Which is probably why at the end of my experience with Club Drosselmeyer 1943, I felt completely spent.

To the point where NoPro’s East Coast Curator at Large Blake Weil mentioned, “You… look exhausted,” during the afterparty.

Indeed, I was one tired Air Raid Warden.

Photo by the author

Club Drosselmeyer, Green Door Labs’ annual big band, swing dance party which also doubles as a puzzle-solving-with-actors holiday experience has been converted into a remote, digital experience with a multitude of components in 2020. Players of Club Drosselmeyer this year can either order a set of puzzle components to be shipped to them, or purchase a print-and-play PDF of the same content (nearly 40 pages of materials). Club Drosselmeyer 1943 works best if players form small teams — aka “Civilian Defense Units” — of five or more people and assign roles, although this isn’t exactly clear until you open up the print materials and start reading. The pre-purchase web site doesn’t specifically recommend forming a team, which implies that this experience might be something that could possible be solo or with a team of two. (But there’s simply too much going on during the experience for me to recommend that.) I, too, was unaware I needed to assemble a team until NoPro Correspondent Cara Mandel told me to do so beforehand; luckily, I ended up playing with five distributed households from the NoPro staff. I’ll also note that Club Drosselmeyer 1943 should be played in real time over the course of two hours. And it helps to set aside 20 minutes or so beforehand to complete the tutorials, gather all your print collateral, and assign roles among your team before the timer starts. We actually found that the five “roles” in the game are fairly malleable and flexible in this game, save for the Air Raid Warden, who ends up the de facto leader of the group.

And, guess what? That ended up being me.

(Significant spoilers follow.)

The radio interface for the experience

The Air Raid Warden for each Club Drosselmeyer 1943 team is in charge of tuning into the show’s official radio broadcast (available on a password-protected, custom-built web site) and sharing both their screen and computer sound (using a web conferencing technology like Zoom) so that the others can hear the radio show. In addition to sharing their audio, the Warden interacts with the production’s “switchboard” by dialing into one of a few provided telephone numbers and entering in solutions to puzzles via dial pad. The puzzles are the only non-digital component but the show’s backend engine tracks where your team “is” in the story: what puzzles you’ve solved and what narrative branches you’ve taken. And — rather impressively — it adjusts both the phone tree content and radio broadcast content appropriately to the paths you’ve taken.
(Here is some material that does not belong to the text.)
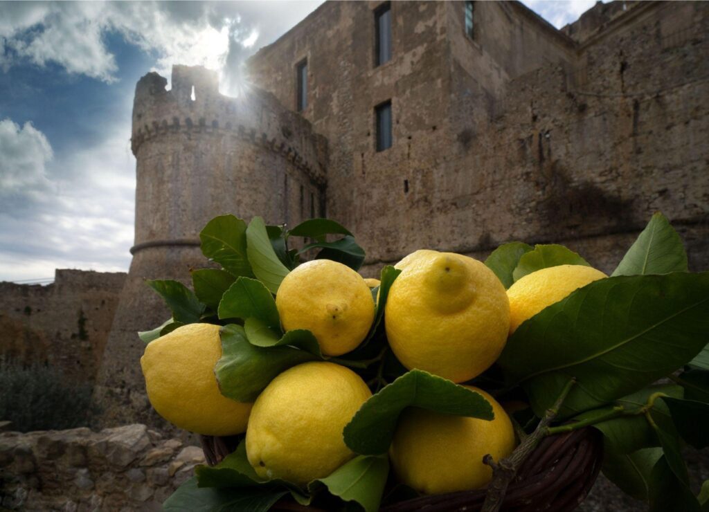 I limoni di Rocca Imperiale e di Albori: con il loro giallo brillante e il profumo intenso, i limoni sono simbolo della costa e del calore mediterraneo. Coltivati con cura e amore, essi non sono solo ingredienti, ma vere e proprie icone del paesaggio e della cultura locale, utilizzati per preparare dolci, liquori e piatti freschi che parlano di mare e sole.

As NoPro NYC Correspondent Edward Mylechreest observed, “Having our screen adapt and change in real time based on our decisions, was a simple necessity for making me feel fully in the world.” Similarly, NoPro LA correspondent Laura Hess said, “It felt like I was dropping into this comprehensive and cohesive world from a design standpoint. I genuinely felt immersed in the world of Club Drosselmeyer.”

Still, I won’t lie: the Club Drosselmeyer 1943 experience is a lot to manage at once.

As the Air Raid Warden, I found that using my left hand for my iPhone, my right hand for my mouse to control Zoom and the Drosselmeyer radio player, while placing the paper puzzle pieces underneath my laptop stand was a somewhat successful configuration. This was the only way I found I could still participate in the puzzle-solving while running all the show’s digital components for my team. I’ll also note that the Air Raid Warden really needs four or five hands to do what they need to do… or to abstain from puzzle-solving a fair bit of the time. Personally, I would also love to see a version of this game with an intermission — two hours is a long time to puzzle without breaks — and the ability to let another person take on the role of Air Raid Warden, say, in the second half, or to split their duties among multiple people.

‘Herr Drosselmeyer’

The full Drosselmeyer experience — which already spans a web site, multiple phone calls, printed puzzles, and the aforementioned Zoom call for remote teams, all conducted with a two hour timer in place — also allows for a potential upgrade with interactions involving live actors. These actors are the same ones whose voices you hear in the phone tree; recorded versions of them are available by putting in the proper extension when the “switchboard operator” picks up. And, on occasion, after reaching the end of a quest, a performer may call your team directly and confirm the team’s success, while dropping a bit of plot here and there. Or an actor may call you and check up on your progress if it seems that your team may be in need of a hint, which is a nice touch. This means there are more than a few moments where it’s unclear if you’re talking to a live human or a recording of that same live human. I found this mixing of the recorded audio elements and live actor elements to be exceedingly clever on the creative team’s part. (Sidebar: Herr Drosselmeyer, I apologize for nearly biting your head off when you rang, as I’d simply assumed you were a machine!) Part of the Drosselmeyer set up process also involves giving the show your name and phone number, so don’t be startled when a performer addresses you by name.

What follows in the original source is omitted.